Глядя в окно, я прошептал:

– Банальность зла.

– Что?

– Банальность зла. – Я с горечью улыбнулся и посмотрел на доктора. – Дракула стал бы сенсацией, а страдания сотен тысяч жертв политического безумия, бюрократизма и глупости – это всего лишь… неудобство.



В Копша-Микэ мы прибыли незадолго до темноты, и я сразу понял, почему это «мой» город. Уэстлер, Эймсли, отец Пол и Паксли на время получасовой стоянки остались в поезде; дела здесь были только у меня и Карла Берри. Фортуна повел нас за собой.

Деревня – для города поселение было слишком мало – расположилась меж крутых гор. На склонах лежал снег, но не белый, а черный. Сосульки, свисавшие с темных карнизов, были черными. На грунтовых дорогах под ногами хлюпала черно-серая каша, а сверху нависала плотная пелена черного воздуха, словно в меркнущем дневном свете колыхались миллионы крохотных мотыльков. Мимо нас проходили мужчины и женщины в черных пальто и платках; они волокли тяжелые тележки или вели за руку детей, и лица у этих людей тоже были угольно-черными. Уже в центре деревни я обнаружил, что мы шагаем по слою пепла и сажи толщиной не меньше четырех дюймов. В Южной Америке и в других местах мне приходилось видеть действующие вулканы – пепел и ночное небо там выглядели так же.

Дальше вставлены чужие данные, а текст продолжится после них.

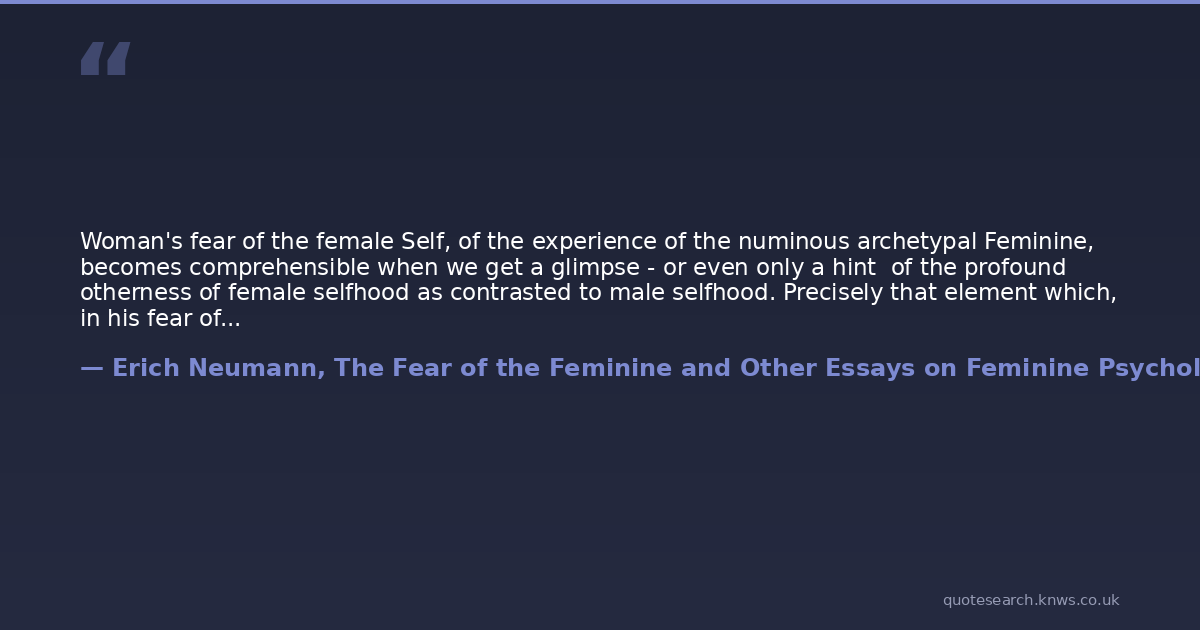 Woman's fear of the female Self, of the experience of the numinous archetypal Feminine, becomes comprehensible when we get a glimpse - or even only a hint of the profound otherness of female selfhood as contrasted to male selfhood. Precisely that element which, in his fear of the Feminine, the male experiences as the hole, abyss, void, and nothingness turns into something positive for the woman without, however, losing these same characteristics. Here the archetypal Feminine is experienced not as illusion and as maya but rather as unfathomable reality and as life in which above and below, spiritual and physical, are not pitted against each other; reality as eternity is creative and, at the same time, is grounded in primeval nothingness. Hence as daughter the woman experiences herself as belonging to the female spiritual figure Sophia, the highest wisdom, while at the same time she is actualizing her connection with the musty, sultry, bloody depths of swamp-mother Earth. However, in this sort of Self-discovery woman necessarily comes to see herself as different from what presents itself to men -as, for example, spirit and father, but often also as the patriarchal godhead and his ethics. The basic phenomenon - that the human being is born of woman and reared by her during the crucial developmental phases - is expressed in woman as a sense of connectedness with all living things, a sense not yet sufficiently realized, and one that men, and especially the patriarchal male, absolutely lack to the extent women have it.To experience herself as so fundamentally different from the dominant patriarchal values understandably fills the woman with fear until she arrives at that point in her own development where, through experience and love that binds the opposites, she can clearly see the totality of humanity as a unity of masculine and feminine aspects of the Self.

– Это… как правильно называть… завод автопокрышек. – Раду Фортуна жестом указал в сторону промышленного комбината, занимавшего почти всю долину, словно распластавшийся на земле дракон. – Он делать черный порошок для резиновых изделий… работать круглосуточно. Небо здесь всегда такое… – Фортуна горделиво обвел рукой черную мглу, которая окутывала все вокруг.

Карл Берри закашлялся:

– Бог мой, как же тут можно жить?

– Тут не жить долго, – ответил Фортуна. – Большинство старых людей, как вы и я, у них отравление свинцом. У деток… как это по-вашему… все время кашлять…

– Астма, – подсказал Берри.

– Да, маленькие детки болеть астма. Рождаться с сердцем… вы называть это… деформатированное?

– Деформированное, – поправил Берри.

Я остановился в сотне ярдов от черного забора и черных стен завода. Деревня позади нас напоминала карандашный эскиз в черно-серых тонах. Сквозь закопченные сажей окна не пробивался даже свет ламп.

– Фортуна, почему это «мой» город? – спросил я.

Он вытянул руку, показав на завод. В линиях его ладони уже чернела сажа, манжет белой сорочки стал серым.

– Чаушеску больше нет. Завод больше не производить шины для Восточной Германии, Польши, Советского Союза… Вы хотеть? Хотеть делать вещи для вашей компании? У нас нет… как это вы говорить… надзор за охраной окружающей среды, нет запрет на вредное производство… вы бросать отходы куда угодно, делать все, как вам угодно. Вы хотеть?

Я долго стоял на черном снегу и, наверное, простоял бы еще дольше, если бы гудок поезда не возвестил, что до отправления осталось две минуты.

– Возможно, – сказал я. – Но только возможно.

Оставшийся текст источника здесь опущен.